25 июня, среда, время 09:05

Дорога на северо-запад в 4 км от Друскининкай.

Литовская ССР, у границы с Белоруссией.

От начавшейся небесной драмы конвой цепенеет, белеют пальцы, сжимающие оружие. По колонне пленных прокатывается дружный вздох.

Эскадрилья И-16, нижняя челюсть кобры, залпом выплёвывает эрэсы. И тут же кидается в атаку, продолжая метать огненные стрелы по сходящимся в центре строя немецкой эскадры траекториям.

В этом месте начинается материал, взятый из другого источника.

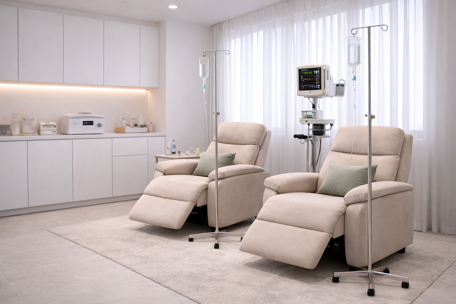 - Строгие санитарные нормы, одноразовые материалы и контроль каждой инфузии для максимальной безопасности.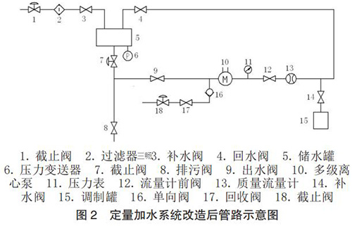 根據(jù)設(shè)計思路,對定量加水系統(tǒng)的管路進行了改造設(shè)計,改造后管路示意圖如圖 2 所示。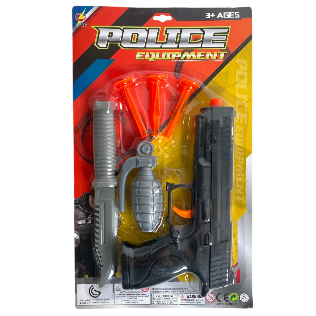 Rendõr klt., pisztoly + tap.kor. lövedék, kieg., 19x32 cm lapon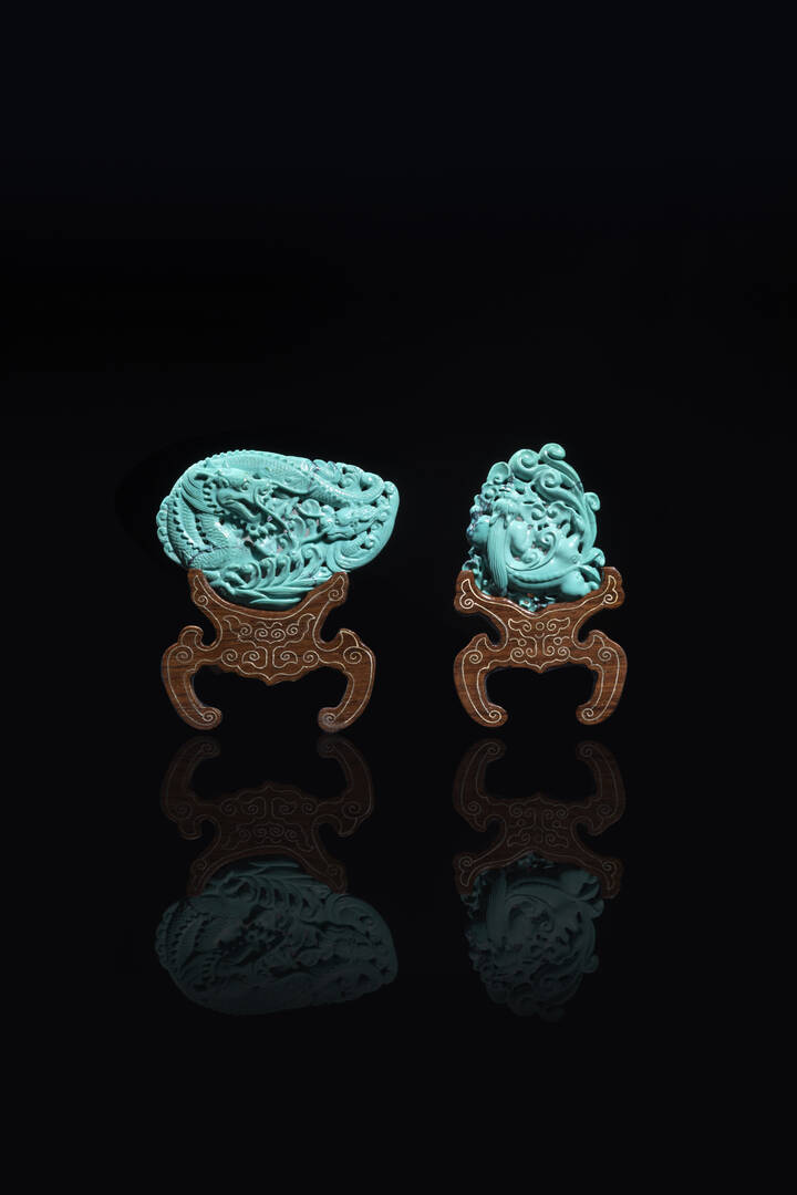 Coppia di ciondoli in turchese scolpiti con draghi tra le onde, Cina, Repubblica, XX sec
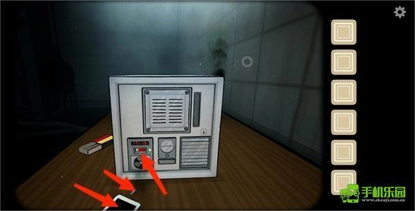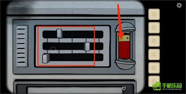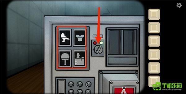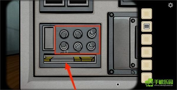 4、接着转向左侧来到另一面,把开关安装在图中亮灯的位置,再依据之前的线索点击图片

Два горящих от прямого попадания мессера валятся вниз под дружный вздох пленных и конвоя. Совершенно разные эмоции выражаются очень похоже. Ещё два немецких самолёта в панике сталкиваются в воздухе.

Любой человек, попадающий в неожиданную аварийную ситуацию, действует на рефлексах. Поэтому передовая половина мессеров резко уходит на вертикаль, где их тут же подлавливают Миги. Плюс четыре. Асы люфтваффе ещё не начали стрелять, а уже лишились восьми машин.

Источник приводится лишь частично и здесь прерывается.